Q3: “It would also be nice to evaluate diffusion language models on agentic domains, such as SWE.”
Thank you for suggesting a broader evaluation scope. We agree that software‑engineering (SWE) benchmarks are an exciting testbed for agentic systems that autonomously call tools, read/write files, and iterate over multi‑step plans. By contrast, our study focuses on core language models—LLaDA and Dream‑7B—which generate text in a single‑pass masked‑diffusion loop and have no built‑in tool‑use or file‑manipulation interface. Directly applying them to full‑fledged SWE agents would therefore require substantial additional infrastructure (code execution sandbox, retrieval modules, planner, etc.) that is orthogonal to the contribution of A‑CFG. We will highlight this distinction between agent systems and stand‑alone language models in the discussion section, and we view incorporating A‑CFG into an agentic framework as valuable future work.
This paper proposes a novel Adaptive Classifier-Free Guidance (A-CFG) method, which adaptively constructs unconditional inputs to amplify the divergence between conditional and unconditional logits, thereby enhancing guidance efficacy.

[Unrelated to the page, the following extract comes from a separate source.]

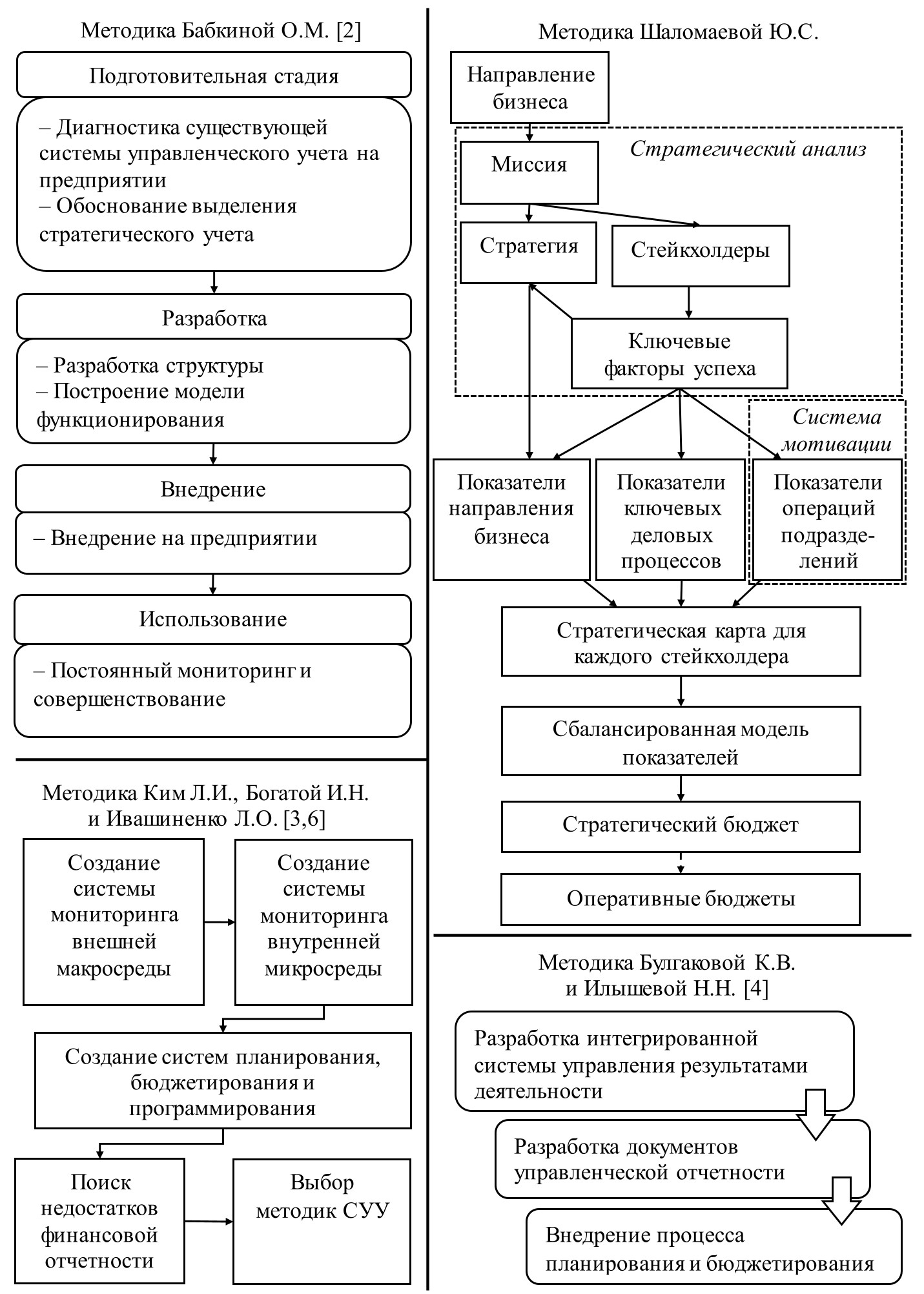 Увеличение объективной потребности в интеграции стратегических инструментов в системы менеджмента и учёта при отсутствии полноценной единой теоретической базы создают определенные проблемы на этапе разработки и практической реализации стратегической системы. В ходе исследования подходов к внедрению стратегического управленческого учета в бизнес-процессы экономических субъектов были проанализированы, на наш взгляд, четыре наиболее перспективные и универсальные авторские методики отечественных специалистов (рисунок 2).

The method achieves consistent performance improvements under fixed hyperparameters across multiple datasets, demonstrating effectiveness and stability. However, the authors insufficiently justify the motivation or theoretical foundation for this approach. Notably, the authors have addressed relevant reviewer inquiries with clarity and precision, and these responses have been accepted by the reviewers.